Under the agreement, Telus will expand its existing Kamloops data centre later this year in addition to building two new Vancouver facilities in the Mount Pleasant neighbourhood and the city’s downtown core. The Mount Pleasant centre will open at the end of the year and scale through 2028, while the 150 West Georgia facility will come online in 2029 and scale through 2032.
Telus says it plans for these facilities to be “some of the world’s most sustainable sovereign AI data centres” that “set a new global standard for sustainable AI infrastructure.” They’ll be powered by 98 per cent renewable energy and are designed to integrate into Vancouver’s local energy systems. The company says these facilities will use a closed-loop cooling system that can reduce cooling energy consumption by 80 per cent compared to traditional data centres and recycle electricity into carbon-free thermal energy to heat the equivalent of 150,000 homes.
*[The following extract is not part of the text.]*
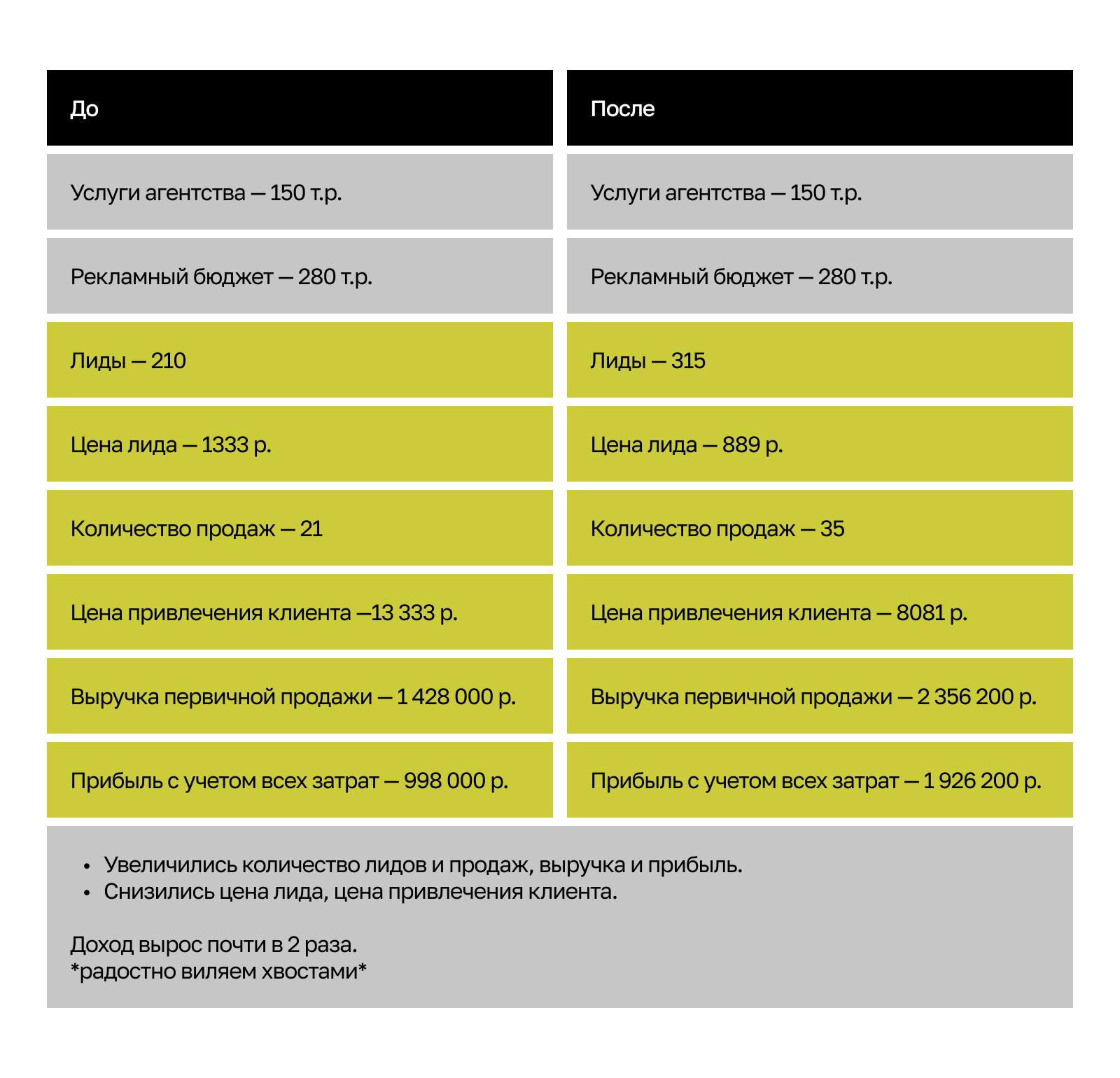 Основный принцип инвестирования в маркетинг — масштабируемость. Даже подняв одну метрику, можно ощутимо увеличить прибыль. Стая Haunds отлично владеет этой техникой. Если бы гончим преподавали математику, они бы были отличниками.

Water consumption will also be reduced by 90 per cent compared to traditional data centres.
Once the cluster is fully scaled, Telus and the government expect it to deliver roughly $9 billion in economic value to B.C., which includes the creation of more than 1,000 construction jobs and hundreds of operations roles.
The Telus agreement is part of the federal government’s larger initiative that was announced last year to identify and construct large-scale sovereign commercial AI data centres across Canada.